By Erin Beck
Two Shinnston middle-school students are among the winners of the fourth annual Almost Heaven Governor’s Art Exhibition, state officials announced last week.
The contest was designed “to showcase student creativity and the arts,” according to a news release. This year’s theme was: “What does America’s newest national park – the New River Gorge National Park & Preserve – mean to you?” Winners’ artwork will be featured on postcards for the Department of Tourism.
Peyton Hamrick, a seventh-grade student at Lincoln Middle School, won second place in the middle-school division with “Bridge Over the Mountains.”
Raley Cochran, a sixth-grade student at Lincoln Middle School, won third place in the middle-school division with “Winter at New River Gorge.”
First, second, and third-place winners in three divisions, elementary school, middle school, and high school, will receive Blick Art Materials gift cards in the amounts of $100, $50, and $25, respectively.
Peyton used a tool on scratch paper to create shadows and depth in a scenic, black-and-white piece, featuring the historic New River Gorge Bridge and surrounding mountains, skyline, and the New River.

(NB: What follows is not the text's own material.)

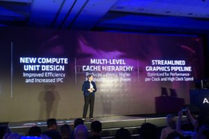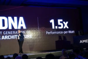 Además, la arquitectura está diseñada para aumentar el rendimiento por vatio en un 50 por ciento sobre Vega. La primera parte en aprovechar Navi es la Radeon RX 5700. AMD presentó una demostración de lado a lado de la RX 5700 contra la GeForce RTX 2070 en Strange Brigade, donde la tarjeta de $ 500 de NVIDIA fue derrotada. “Strange Brigade” es un juego en el que AMD funciona generalmente bien, ya que está muy optimizado para el cálculo asíncrono. Navi también cumple con las casillas de verificación de gran tecnología, PCI-Express gen 4.0 y memoria GDDR6. AMD ha planeado una disponibilidad en julio para el RX 5700 y no reveló los precios.

Peyton said the drawing “signifies the beauty of the state that I call home.”
“I like art because I get to express myself through creativity,” she said.
Peyton said she felt proud and excited to win second place, and she planned to practice more art with the new supplies.

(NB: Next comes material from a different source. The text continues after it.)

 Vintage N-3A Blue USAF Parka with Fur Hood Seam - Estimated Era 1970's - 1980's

Raley used watercolor to create an imaginative version of the same recognizable landmark, the New River Gorge.
“I wanted to capture the beauty of the New River Gorge in winter,” she said.
Raley was shocked and excited to have won third place.
She said she’s loved art since she was little, so she would have continued creating it even without the recognition of her talent.
“I like art because it does not always have to be perfect, like in my painting of the bridge, I made the snow purple,” she said. “It is also very fun and exciting.”
Submitting student artwork to the contest was optional for teachers. But Beth Roselius, who started teaching art at Lincoln Middle School this year, said she typically enters her students in as many contests as she can. She hopes winning helps them feel confident in their abilities.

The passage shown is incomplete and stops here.